2. Gerhard Helbig, Joachim Buscha Űbungsgrammatik Deutsch. Langenscheidt, Berlin ve Münih, 2002.
3. Karin Hall, Barbara Scheiner Fortgeschrittene için Űbungsgrammatik. Max Hueber Verlag, Ismaning, 2002.
4. Karl-Ernst Sommerfeldt, Guenter Starke Einfűhrung in die Grammatik der deutschen Sprache. Thűbingen, 1998.
5.Devekin V.N. Almanca gramer atölyesi. M., 1972.
6. Zavyalova V.M., Ilyina L.V. Uygulamalı Almanca dil kursu. M., 1999.
7. Molchanova İ.D., Egorova Z.A. Düzeltici Almanca dilbilgisi kursu.

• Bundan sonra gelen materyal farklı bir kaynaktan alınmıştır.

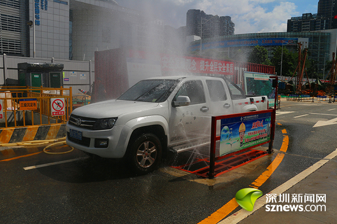 施工單位還利用潛水泵加壓給水管對(duì)車輛進(jìn)行自動(dòng)沖洗,讓施工車輛“清爽出門”,有效防止施工車輛對(duì)城市環(huán)境的污染。同時(shí),沖洗后的污水經(jīng)排水溝回流到三級(jí)沉淀池內(nèi),經(jīng)過(guò)沉淀處理后進(jìn)入清水池,使水資源循環(huán)利用,從而達(dá)到保護(hù)環(huán)境又節(jié)約成本的目的。
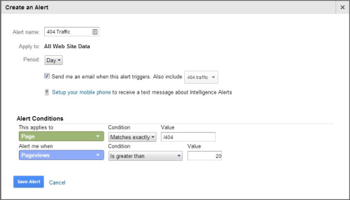 Answer this how often do you check traffic to your 404 page? If you are like most people you hardly ever or neglect it completely. However from a user experience as well as a search engine perspective it does not fulfil expectations. It is not overly complicated to keep an eye on your 404 page traffic. You can use Google Analytics to alert you to 404 traffic, especially if you are getting more than a certain number of those visits in a day. Here’s how:
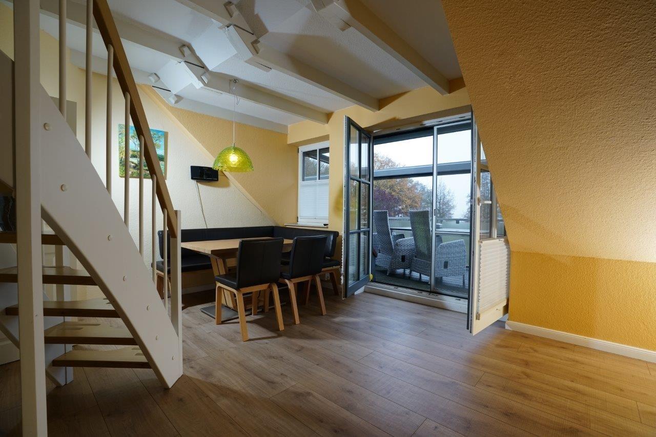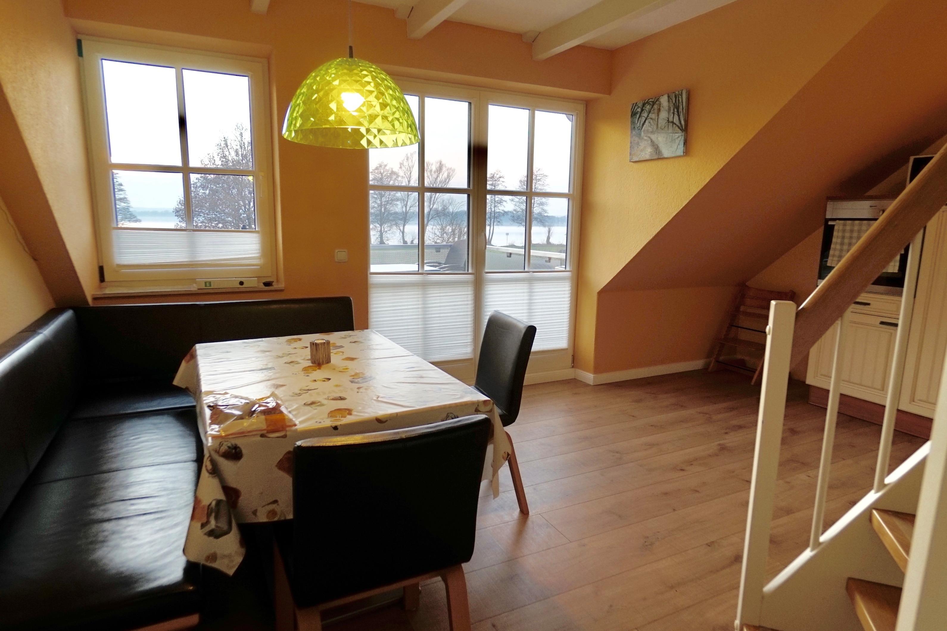 Seeblick, große 20 m² Terrasse mit Markise ; Kugelkgrill"Bastard" , modernes Schlafzimmer mit Doppelbett, Wohn/Schlafzimmer mit super Schlafcouch und im Spitzdach 2 Einzelbetten über Raumsparterppe erreichbar. Ein Traum für Teenager, weil mit Fernseher . Separate große Küche mit schöner Sitzecke - auch zum Spielen , Schönes modernes Duschbad. - Garten nutzbar , wenn gewünscht, Strand in 100 m
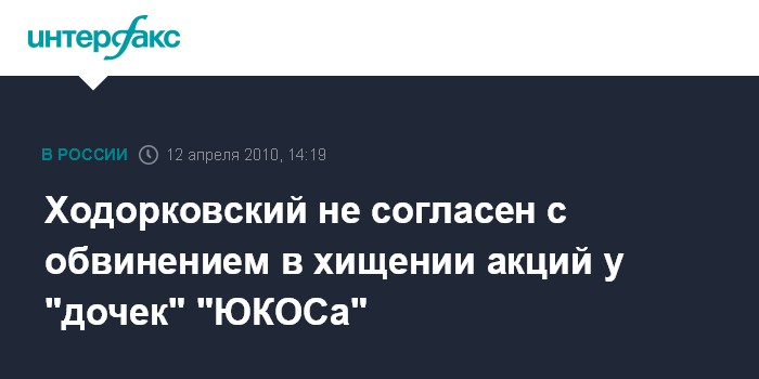 Москва. 12 апреля. INTERFAX.RU - Экс-глава НК "ЮКОС" Михаил Ходорковский опроверг обвинение в свой адрес по факту хищений акций дочерних предприятий компании.
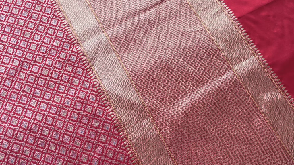 Red Meenadar Handwoven Banarasi Tanchoi Silk Saree
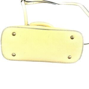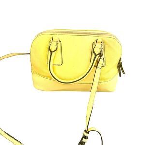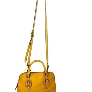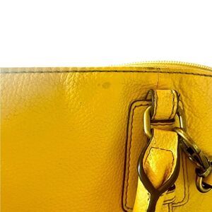 Yellow crossbody with removable strap. Crossbody strap extends to 20”, handle drop 4”. Small spot near top zipper as seen in photos. Inside zip pocket, 2 smaller pockets, soft leather, measures 12” x 7”. Great bag!
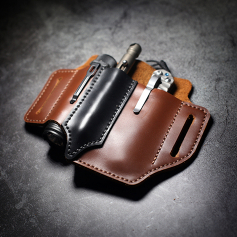 Tactical belt storage wallet attack pen flashlight knife carrying EDC multi-purpose waist clip leather sheath knife sleeve

M., 1980.
8. Narustrang E.V. Almanca dilinin pratik grameri. S.-P., 2000.
9. Ovchinnikova A.V., Ovchinnikov A.F. Almanca dilbilgisi üzerine 500 alıştırma. M., 2002.
10.Rossikhina G.N., Ulyanova E.S. Alıştırmalarda Almanca fiil. M., 2002.
11. Yartsev V.V. Sizin için Almanca dili... M., 2001.
Almanca söz sisteminin öğrenilmesi kolay değildir; yalnızca karmaşık dilbilgisel zaman biçimleri, ayrılabilir ve ayrılamayan sözel önekler, çok sayıda çerçeve yapısı, öğrenilmesi gereken temel biçimleriyle birlikte düzensiz fiiller vb. varlığı açısından değil. Ayrıca hangi edatları ve durumları kontrol ettikleri de kaliteli dil edinimi için oldukça hacimli ve önemli bir konudur.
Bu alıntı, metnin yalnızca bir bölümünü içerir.